Her acrobatics drew the swarmlings to her like flies to honey and she cut them down as they closed in on her. She kicked off the ground as they lunged at her, abandoning the idea of cutting her down and wanting to pile on her instead.

 

“Graaaah!” she screamed as one landed over her, driving her to the ground.

 

“Yuri!” Orrin yelled, his voice sounded like it was longstrides away.

 

She could feel sharp claws poking into her clothes, scratching at her skin. She felt a trail of blood running down from her scalp and on her cheek. The weight of dozens of the creatures pressed on her back, their mad scrambling hurting them more than it did her but she was slowly suffocating.

 

“AHHH!” A primal scream of fury wrested from her throat. Her Animus cycled completely into Boost, focusing its might on her legs and back. She got her feet under her and pushed, her boots digging into the loam and sinking a couple of inches. 

 

With a grunt, she rocketed out of the pile-up, slipping out from under the swarmlings. She slashed the ones in front of her in half, pirouetting with both blades extended. Her muscles screamed as they tore from the pressure she forced them under but she was free. She ran a couple of steps before leaping over the massed bodies, using their carapace as stepping stones while they flailed about in confusion. 

 

She managed to scale a tree before they found her again, her body glowing with a golden aura. Her eyes found Orrin who had stupidly frozen in place. Thankfully, the swarmlings were focused on her and completely ignored the boy. 

 

“Run!” she screamed at him, while she caught her breath.
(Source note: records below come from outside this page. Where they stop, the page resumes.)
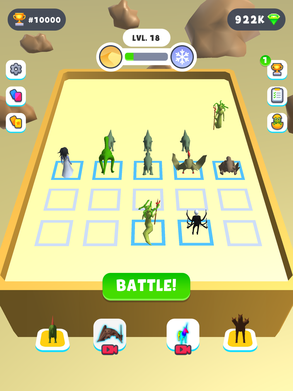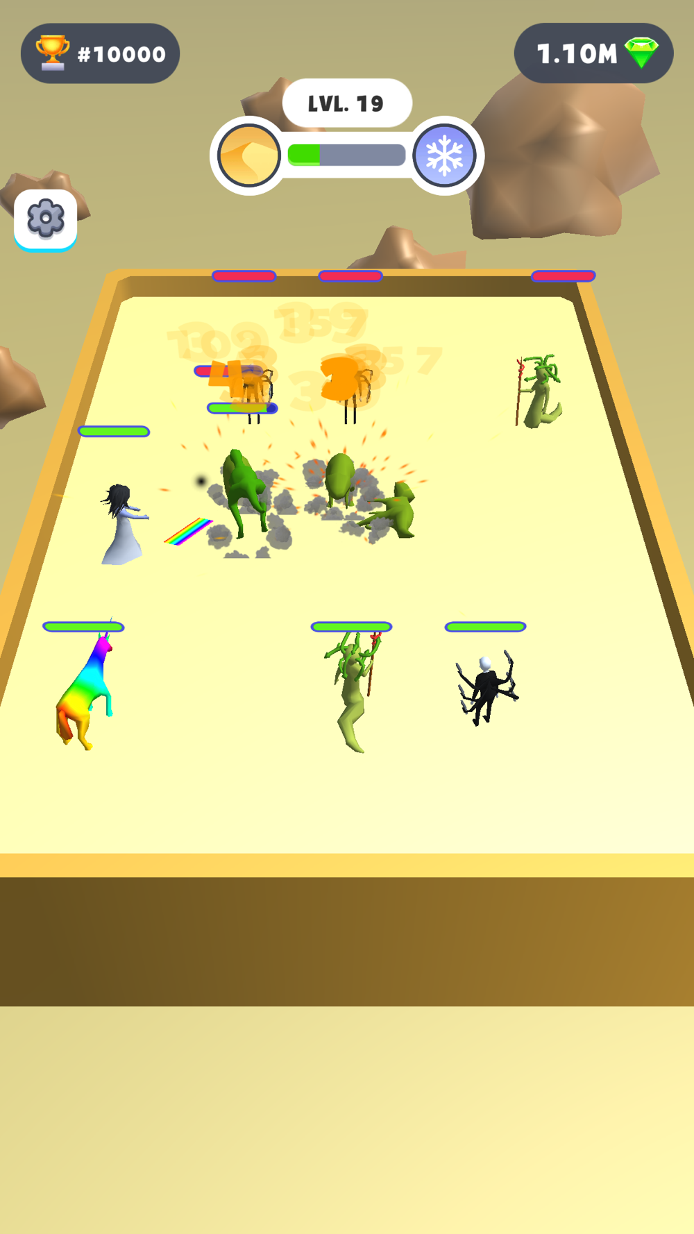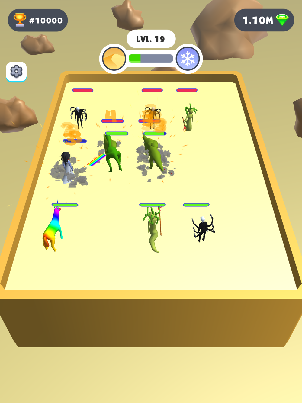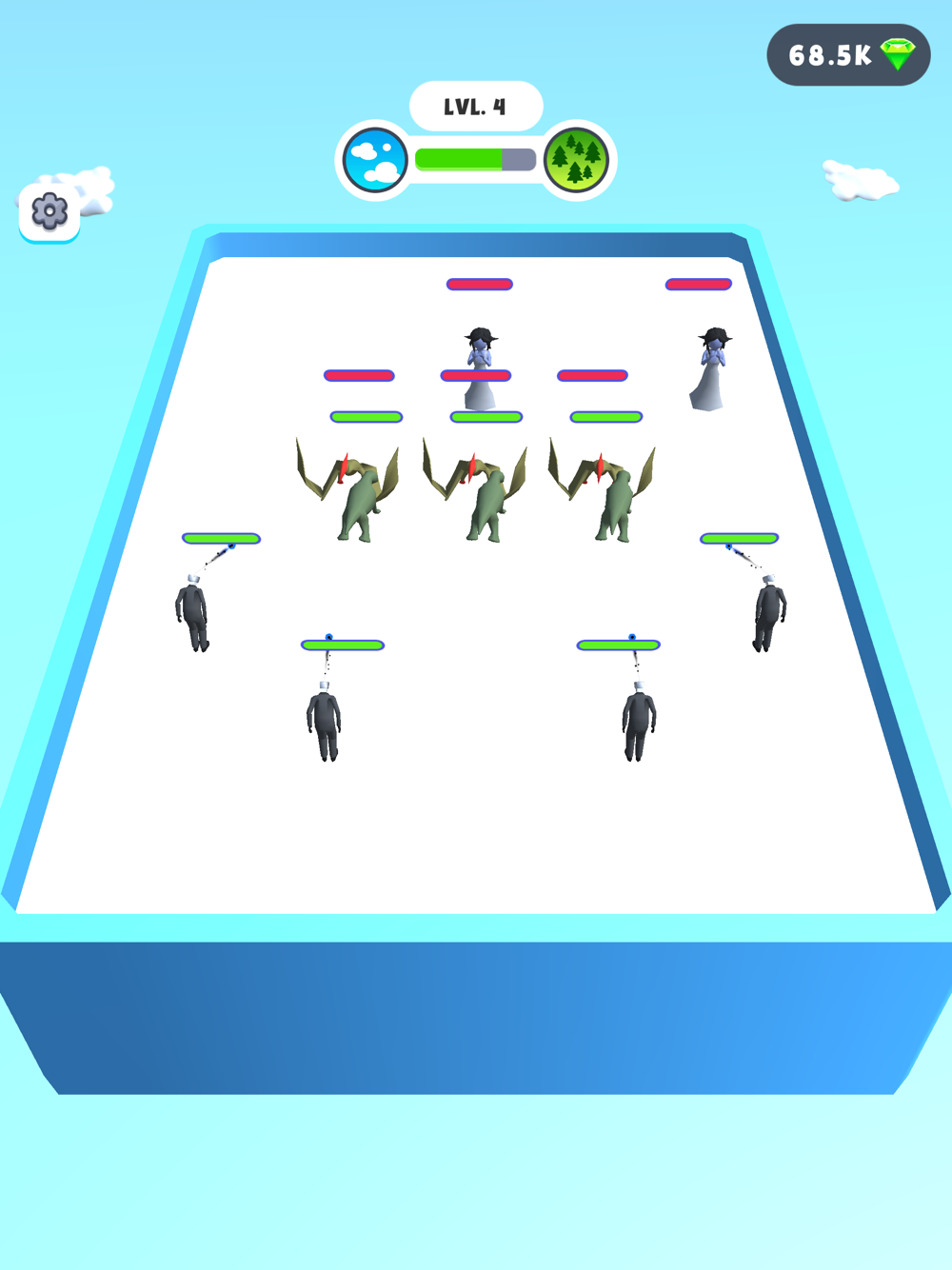 Merge Master Mix Monster is a merge fight between monsters and dinosaurs. Use strategy to combine the dinosaurs with monsters to fight battle. Your enemies are monsters or other dinosaurs. Merge monsters and get stronger ones for battles with the enemy. To become a merge master, upgrade your army with different strategies to merge monsters.
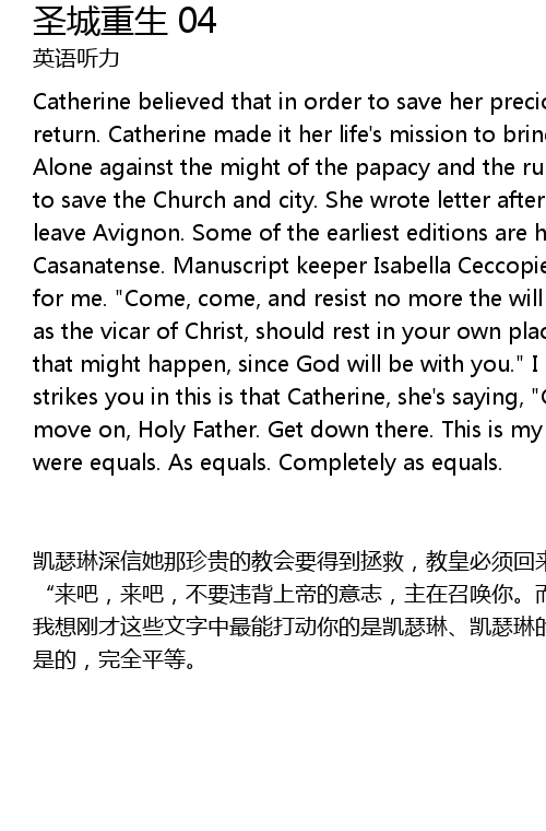 | 凯瑟琳深信她那珍贵的教会要得到拯救,教皇必须回来主持大局。凯瑟琳将把教皇请入罗马作为她毕生的责任。为了拯救教会和这座城市,凯瑟琳和这些掌权者斗争,这些掌权者有的是教皇、有的是欧洲的统治者,她一个人苦苦支撑。她不停地写信给教皇,一封接一封,请教皇离开阿维尼翁来到罗马。这些书信就保存在这:卡萨纳特图书馆。手稿保管员伊莎贝拉切克皮耶里已经同意为我翻译这些手稿。 “来吧,来吧,不要违背上帝的意志,主在召唤你。而你,上帝麾下的牧师,应当安歇在你自己的地方。不要畏惧还未发生的事情。上帝将与你同在。” 我想刚才这些文字中最能打动你的是凯瑟琳、凯瑟琳的话语。“快点啊,教皇。快点啊,圣父。请到这里来。这是我个人的请求。”好像他们是平等的。 是的,完全平等。 |
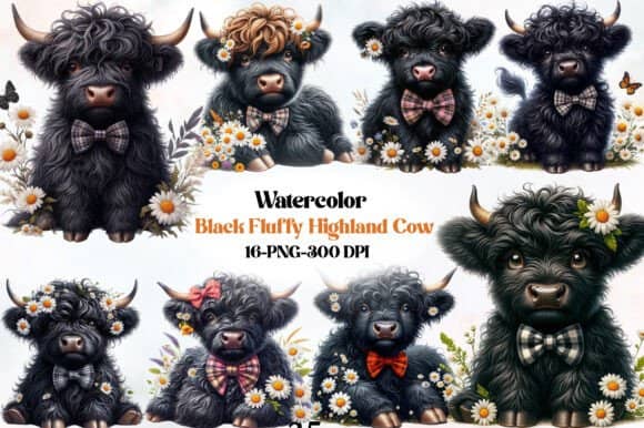 FREE – Cute Black Fluffy Highland Cow Clipart
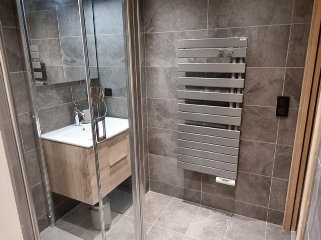 - 1 chambre double (lit de 180cm x 200cm) en suite, avec placard, tv, douche, vasque, wc et
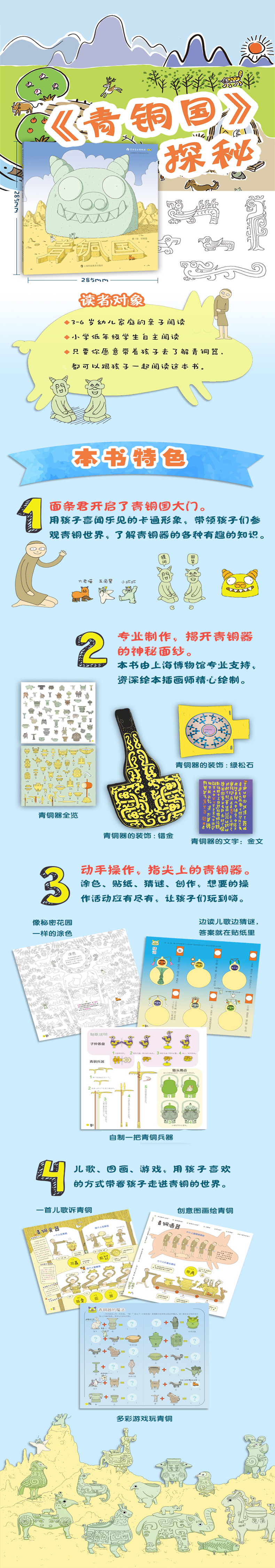 本书是根据上海博物馆最重要的馆藏青铜馆的藏品内容,为幼儿园至小学低年级儿童量身定制的亲子知识读本和文物游戏书。书中既有文化、历史拓展知识,又有贴纸、拼图等各类游戏,帮助家长和孩子深入了解博物馆的珍贵文物。
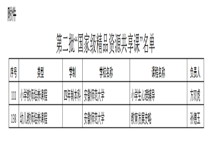 我院一直以来高度重视教学课程资源建设,加强信息化教学改革。2017年,教育部办公厅下发《教育部办公厅关于公布第二批“国家级精品资源共享课”名单的通知》(教师厅函〔2017〕3号),我院孙德玉教授主持的《教育发展史略》和方双虎教授主持的《小学生心理辅导》2门课程入选,并成功上线“爱课程网”。这是我院继第一批2门课程入选后的再次获批“国家级精品资源共享课”荣誉称号。

Orrin’s terrified eyes sought hers and she could see despair. Gritting her teeth she prepared herself to dive into the melee.

 

Orrin didn’t listen to her. He held out his Plasma Lancet, charging it with his Animus. From the number of shots he’d taken it wouldn’t be long before he ran out. Her hands were slick with blood dripping down her arm. Her Animus kept her weapon secured and the pattern for the second sword dance roared in her Anima. Still, she knew it wouldn’t be enough. She could defend as much as she wanted to, but in the end, she would be overwhelmed.

 

In these quiet moments, a timeless instant before she danced with death, she wondered if she had made the wrong choice. Should she have reigned in her curiosity? Should they have left the wild hogs to die? Why did she risk her life for them anyway? She barely had time to think before her body moved, her instincts screaming at her. Her Facet was glowing in her mind, she realized. 

 

Green motes of light rose from the dead and drifted towards her, appearing at the edges of her Anima and drawn to the centre of the stylized sun. 

 

She leapt down the branch, a golden nimbus surrounding her. She fell on them like a bolt of lightning, scattering the mob with an explosive exhalation of Animus. Her reserves were about half, she noted absently. Her sword dances were efficient but lacked the power to punch through so many swarmlings.

 

“Run!” she screamed at Orrin again, willing him to obey her. Only if he left could she even attempt to escape. Otherwise, he would be the one torn to shreds.

 

RAAAAAHHH!

 

The ground trembled while a roar reverberated through the clearing, loud enough to rattle Yuriko’s bones. The swarmlings screeched and writhed, blue blood streaming out of their ear holes. 

 

The next moment, something trampled down the trees and swarmlings alike, missing Orrin’s tree by only a couple of inches. The wind of its passage nearly shook the boy off his branch. 

 

Dark brown tendrils stabbed into the swarmlings around Yuriko, curving around her body and stabbing into the critters behind her. In the blink of an eye, all of the Wyldlings were dead or dying and the thing that did it dug a furrow into the ground, stopping less than a pace in front of her.

 

She stared at black eyes bigger than her head, stained yellow tusks longer than her forearm, and dark green and brown bristles that danced in the wind on the creature’s back. No, it was no mere creature. What could she call a being that was larger than the troop transport, but looked much like a giant version of the boars she just saved?

 

Its breath misted in front of her face as it snorted. It opened its mouth, giving her a close-up view of age-stained teeth. 

Hoomaan,” it spoke, and Yuriko nearly soiled herself in shock.